# Just what are the trim levels?



## Jed118 (Nov 15, 2004)

I only know of E, XE, and GXE. (b13)

What is this GXE-LE? Or SE?


----------



## N2nismO (Jan 22, 2004)

Jed118 said:


> I only know of E, XE, and GXE. (b13)
> 
> What is this GXE-LE? Or SE?


im not quite sure of what you mean but here are the ones i know of.

E
XE
GXE
GXE LIMITED EDITION
SE
SE-R


----------



## 94econobox (Dec 1, 2004)

A Limited Edition is a GXE without Airbags or a Tach. It was only made in 1994 and often shows up as a 1994.5 model. Maybe they just needed to clear out the parts bins before the B14 tooled up and they ran out of Instrument clusters and airbags first?

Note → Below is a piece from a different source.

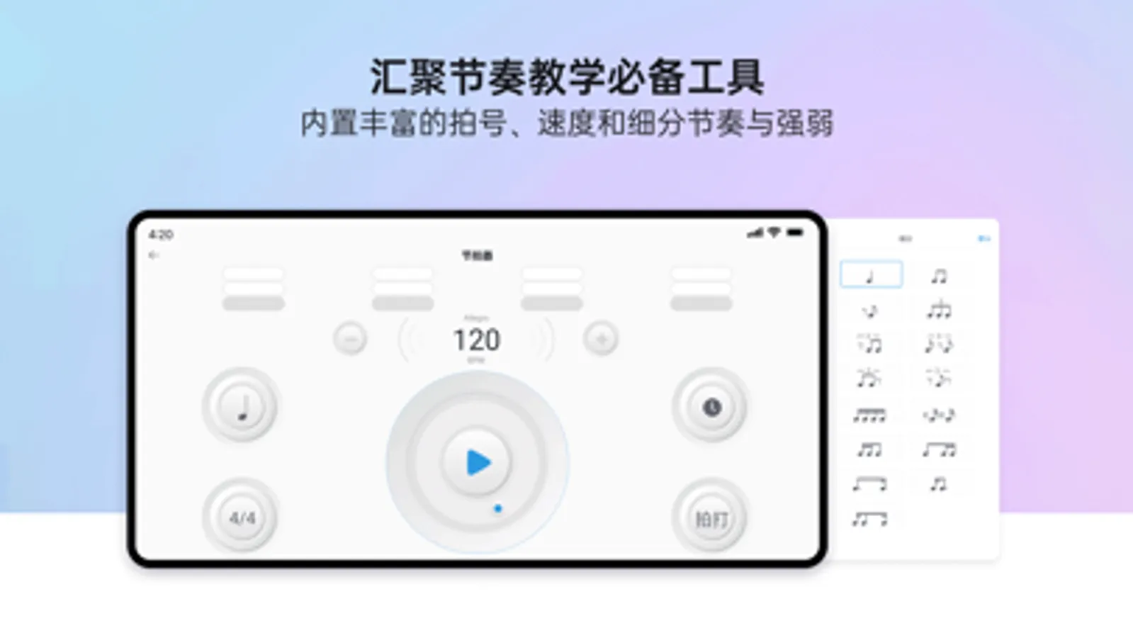 【多功能节拍器】颠覆了传统节拍器的局限性,只需简单的屏幕操作就可以实现对速度和节拍的调整,教师可以根据课程需要设置任意节奏,学生也可直观看到节拍的组成与重音的位置。

An SE is only available as a coupe and is an XE plus Tach, air dam, spoiler, Leather steering wheel, no cruise and somehow, standard equipment does not list a radio. Sounds a lot like an XE meant to look sportier, but you still get the GA16DE instead of the SR20DE. The SE was available 91-94.


----------



## Jed118 (Nov 15, 2004)

I never seen an SE B13...


----------



## jharris1 (Mar 13, 2004)

Jed118 said:


> I never seen an SE B13...


B13 SE: GA16 engine, bucket seats, leather wheel, leather shift boot, tach, optional sunroof, optional alloys (13"), spoiler, almost an SE-R without the SR20......


----------



## enflyte (Dec 30, 2004)

94econobox said:


> An SE is only available as a coupe and is an XE plus Tach, air dam, spoiler, Leather steering wheel, no cruise and somehow, standard equipment does not list a radio. Sounds a lot like an XE meant to look sportier, but you still get the GA16DE instead of the SR20DE. The SE was available 91-94.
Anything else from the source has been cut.